The whole book is tinged with a slight sadness about the end of this golden era. Castle says, "Model girls of the seventies became reflected these changes by becoming rather like the aloof models of the fifties, expect they have a harder, tougher look about them ... They need to have strong looks to go with the clothes and the multi-million empires they advertise; to go with the tough times the seventies have brought us." The book harks back to the professionalism of the 1950s model. The photographer Henry Clark also sighs, "These girls in the fifties did their homework. They worked out everything they had to know for their trade. In other words in order to be as beautiful as they could be."
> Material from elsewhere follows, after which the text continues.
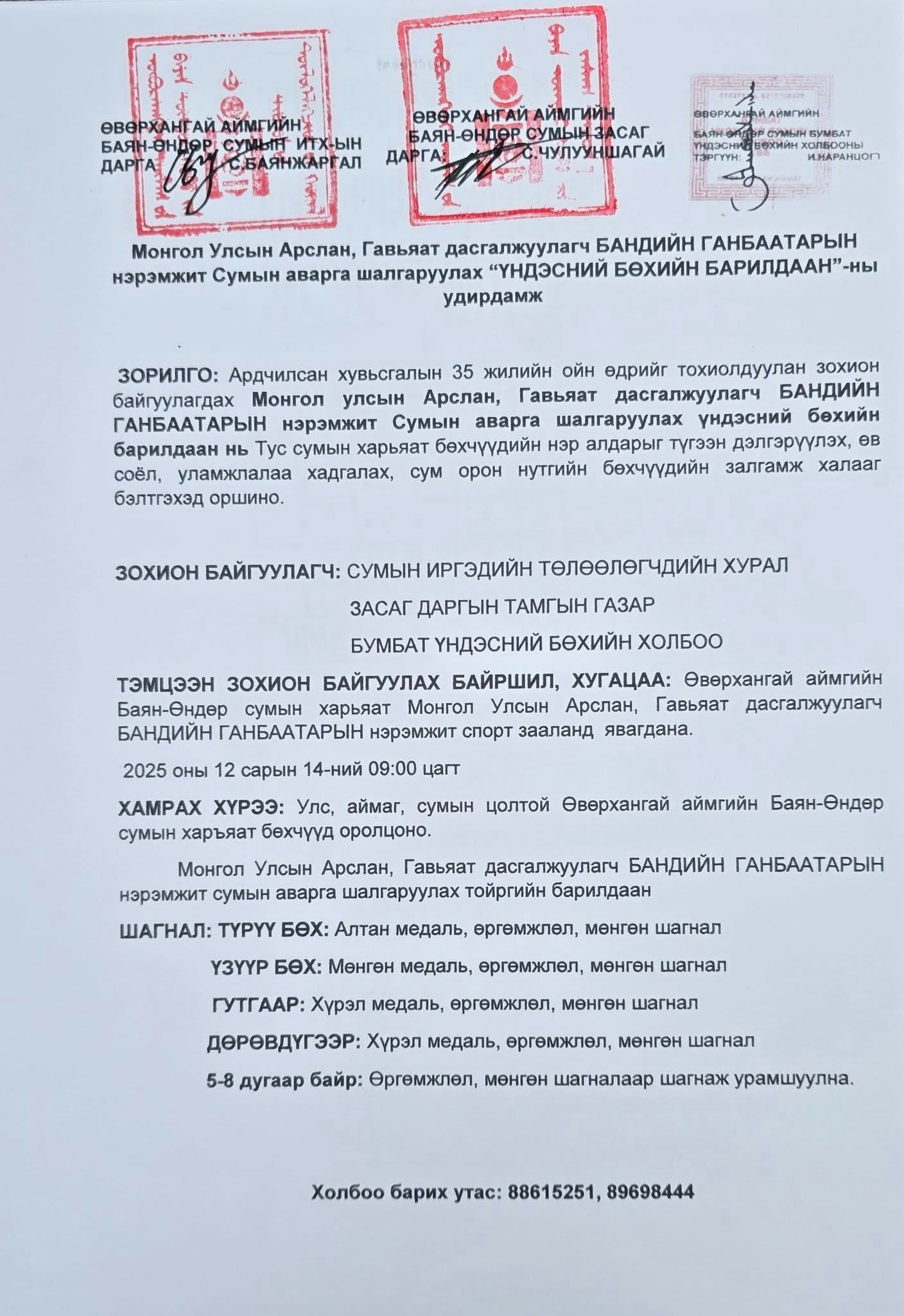 Ардчилсан хувьсгалын 35 жил, олон улсын хүний эрхийн өдөрт зориулан 2025 оны сумын Аварга шалгаруулах үндэсний бөхийн барилдааныг 2025.12.14-ний өдрийн 09 цагт зохион байгуулна.
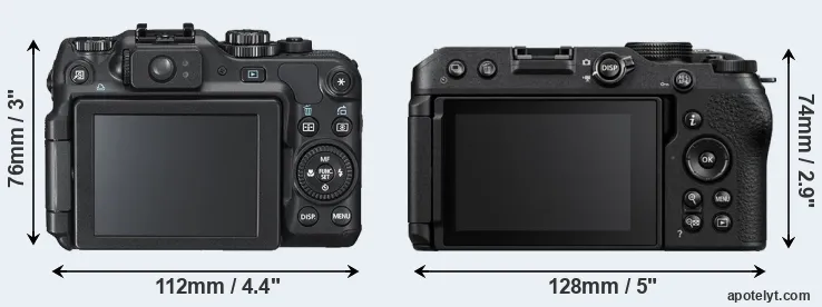 If the front view area (width x height) of the cameras is taken as an aggregate measure of their size, the Nikon Z30 is notably larger (11 percent) than the Canon G12. It is noteworthy in this context that the Z30 is splash and dust-proof, while the G12 does not feature any corresponding weather-sealing.

Mingled in with the reminiscences are some telling blanket statements. Remember Castle's stinging dismissal of Marisa Berenson? Poor French girls get it worse ("French girls rarely make good models. They are, moreover, extremely unprofessional … French girls have neither the physical dimensions, nor the right temperament for the job."). There's also slightly condescending career advice and diet, make-up and exercise plans for girls looking to get into the industry.
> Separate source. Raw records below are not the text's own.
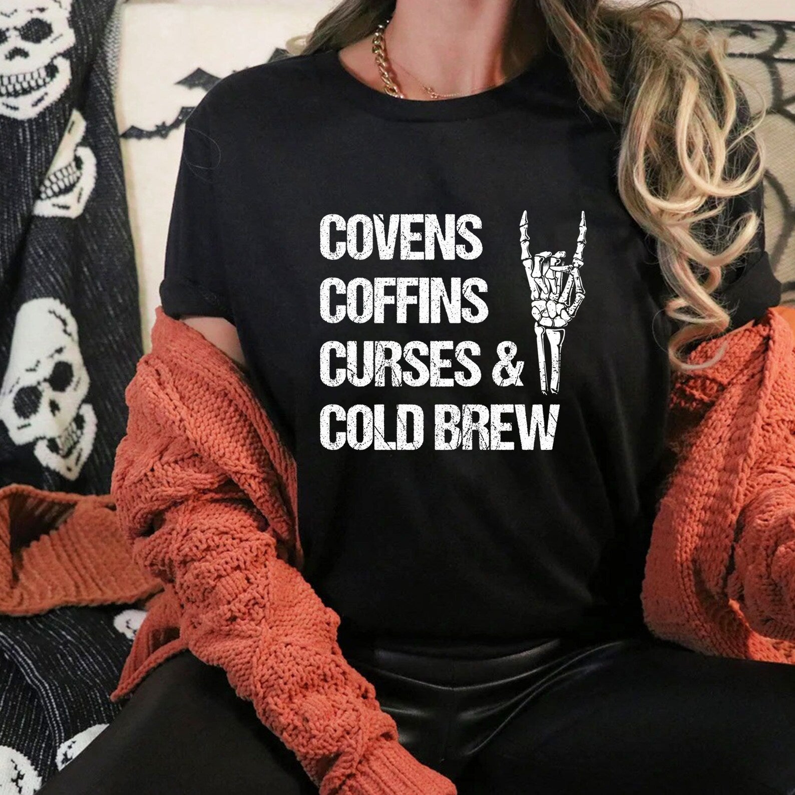 Covens Coffins Curses Cold Brew Graphic Tee (Vintage)
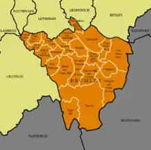 The borough is the largest in Greater London by area and occupies 59 square miles (153 km2). The majority of the borough is Metropolitan Green Belt, including nearly all of the land south of the A232-A21 route between West Wickham and Pratt's Bottom.[2] Consequently, it is also perhaps the most rural borough and contains more of the North Downs than any other, as that escarpment is broad between Bromley and Banstead. This is also reflected in its population density, which is the lowest of the 32 London boroughs.[3]
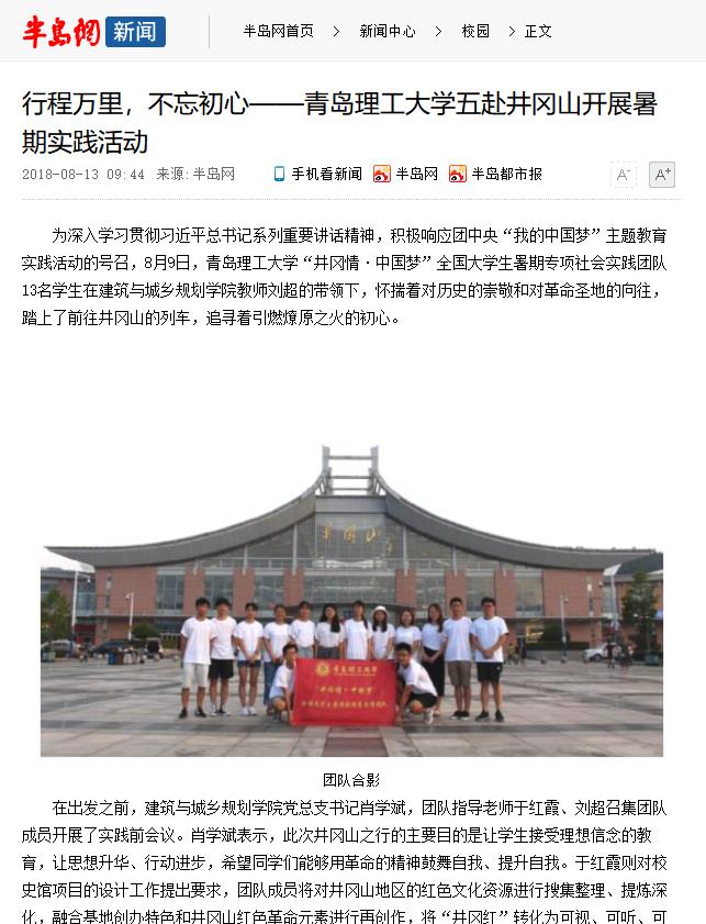 为深入学习贯彻习近平总书记系列重要讲话精神,积极响应团中央“我的中国梦”主题教育实践活动的号召,8月9日,365完美体育“井冈情·中国梦”全国大学生暑期专项社会实践团队13名学生在建筑与城乡规划学院教师刘超的带领下,怀揣着对历史的崇敬和对革命圣地的向往,踏上了前往井冈山的列车,追寻着引燃燎原之火的初心。

However, the modelling as a career angle to the book gives the book a more commercial emphasis, rather than simply fawning over the looks of the girls (though there's plenty of that as well). I was interested to learn, for example, that Evelyn Kuhn's contract with Revlon - the first exclusive make-up contract for a model, and negotiated on her behalf by the all-powerful Ford agency, lead to a 37% increase in their sales in the first year.


It's also wonderful at capturing some of the chemistry created when a good model and a good photographer work together. Jean Patchett, shown above photographed by Irving Penn for Vogue, explains how he'd spin a story for each photo shoot: "It’s at the Opera, and I’m looking for this lovely man I’m madly in love with. It’s intermission and I can’t find him. Suddenly, I see him in the distance and I’m trying to catch his eyes over everybody’s heads … At one sitting, we would easily take five hundred pictures for one outfit. He called it chasing a bluebird."

Similarly, it was watching Cecil Beaton and Dorian Leigh at work which inspired Henry Clark to pick up a camera: "It was total magic making them work together. Dorian was wearing a suit – and I was knocked between the eyes. I knew there and then I wanted to be a fashion photographer." Model Girl hints at the lives and careers of hundreds of models and photographers, but - with its wonderful selection of illustrations - itself is a testament to the fact a strong image can remain the most captivating thing of all. Drawn from over 70 years of fashion photography, it shows that despite changing times and faces, a great image is eternally fascinating.